[PROBLEM REQUIREMENTS]: Print exactly those lines that run from the beginning of the data to the line bearing "Specifications: Lithium-ion threading", inclusive.

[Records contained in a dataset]

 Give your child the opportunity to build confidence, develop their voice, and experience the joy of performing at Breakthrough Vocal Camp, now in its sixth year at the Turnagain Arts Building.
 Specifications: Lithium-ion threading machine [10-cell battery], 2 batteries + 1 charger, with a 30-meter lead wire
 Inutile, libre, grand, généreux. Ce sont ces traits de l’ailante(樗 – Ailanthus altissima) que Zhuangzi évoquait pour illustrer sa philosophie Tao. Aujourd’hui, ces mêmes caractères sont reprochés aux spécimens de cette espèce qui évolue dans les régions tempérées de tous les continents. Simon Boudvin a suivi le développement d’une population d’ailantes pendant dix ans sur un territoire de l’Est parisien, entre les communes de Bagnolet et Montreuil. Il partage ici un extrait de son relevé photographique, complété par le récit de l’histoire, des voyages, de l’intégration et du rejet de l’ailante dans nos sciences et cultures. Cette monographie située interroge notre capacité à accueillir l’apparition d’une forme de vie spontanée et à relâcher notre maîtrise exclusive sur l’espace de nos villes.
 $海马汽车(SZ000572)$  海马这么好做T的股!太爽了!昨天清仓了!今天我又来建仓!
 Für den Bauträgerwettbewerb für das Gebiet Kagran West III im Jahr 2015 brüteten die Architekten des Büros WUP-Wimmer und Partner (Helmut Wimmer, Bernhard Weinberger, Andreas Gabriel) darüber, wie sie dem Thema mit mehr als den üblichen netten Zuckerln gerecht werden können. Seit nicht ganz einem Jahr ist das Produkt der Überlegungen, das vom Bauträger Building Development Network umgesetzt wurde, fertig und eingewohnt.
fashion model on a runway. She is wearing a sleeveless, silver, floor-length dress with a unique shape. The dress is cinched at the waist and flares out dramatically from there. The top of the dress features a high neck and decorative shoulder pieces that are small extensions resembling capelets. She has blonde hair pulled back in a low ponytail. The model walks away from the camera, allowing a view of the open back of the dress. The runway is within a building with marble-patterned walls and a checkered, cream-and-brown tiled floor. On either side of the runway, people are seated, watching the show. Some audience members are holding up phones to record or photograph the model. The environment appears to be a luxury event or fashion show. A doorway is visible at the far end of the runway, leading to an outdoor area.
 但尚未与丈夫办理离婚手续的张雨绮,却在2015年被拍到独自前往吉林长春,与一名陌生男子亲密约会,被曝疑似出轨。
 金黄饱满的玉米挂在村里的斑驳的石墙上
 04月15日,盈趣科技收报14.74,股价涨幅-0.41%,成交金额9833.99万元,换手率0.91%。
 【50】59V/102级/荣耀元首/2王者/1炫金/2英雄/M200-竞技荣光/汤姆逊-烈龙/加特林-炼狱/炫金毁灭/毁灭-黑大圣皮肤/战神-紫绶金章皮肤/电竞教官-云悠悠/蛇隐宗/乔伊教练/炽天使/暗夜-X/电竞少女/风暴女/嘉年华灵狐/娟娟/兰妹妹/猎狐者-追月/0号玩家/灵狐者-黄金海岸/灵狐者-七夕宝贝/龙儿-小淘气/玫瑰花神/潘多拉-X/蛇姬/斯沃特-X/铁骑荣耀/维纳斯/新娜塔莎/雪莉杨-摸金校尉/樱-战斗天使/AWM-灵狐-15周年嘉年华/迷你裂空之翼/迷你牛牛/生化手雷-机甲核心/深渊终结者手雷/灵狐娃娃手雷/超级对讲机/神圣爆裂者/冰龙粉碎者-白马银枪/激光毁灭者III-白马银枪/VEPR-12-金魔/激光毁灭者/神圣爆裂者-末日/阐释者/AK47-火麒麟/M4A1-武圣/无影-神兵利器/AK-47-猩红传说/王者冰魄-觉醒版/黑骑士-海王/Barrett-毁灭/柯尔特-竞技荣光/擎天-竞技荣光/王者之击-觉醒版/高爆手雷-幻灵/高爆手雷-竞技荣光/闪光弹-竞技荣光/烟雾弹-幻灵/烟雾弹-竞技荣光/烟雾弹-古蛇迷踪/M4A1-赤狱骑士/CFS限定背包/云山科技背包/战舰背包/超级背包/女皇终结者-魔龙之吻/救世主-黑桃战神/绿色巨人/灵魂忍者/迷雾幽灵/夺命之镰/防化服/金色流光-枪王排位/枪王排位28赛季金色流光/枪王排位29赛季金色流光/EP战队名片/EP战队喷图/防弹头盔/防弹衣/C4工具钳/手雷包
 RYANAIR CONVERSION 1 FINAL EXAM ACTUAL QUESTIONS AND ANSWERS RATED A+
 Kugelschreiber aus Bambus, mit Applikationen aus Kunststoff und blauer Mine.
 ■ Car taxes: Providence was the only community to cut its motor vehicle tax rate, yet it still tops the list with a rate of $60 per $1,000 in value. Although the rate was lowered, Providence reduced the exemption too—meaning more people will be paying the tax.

[TASK ANSWER]:
 Give your child the opportunity to build confidence, develop their voice, and experience the joy of performing at Breakthrough Vocal Camp, now in its sixth year at the Turnagain Arts Building.
 Specifications: Lithium-ion threading machine [10-cell battery], 2 batteries + 1 charger, with a 30-meter lead wire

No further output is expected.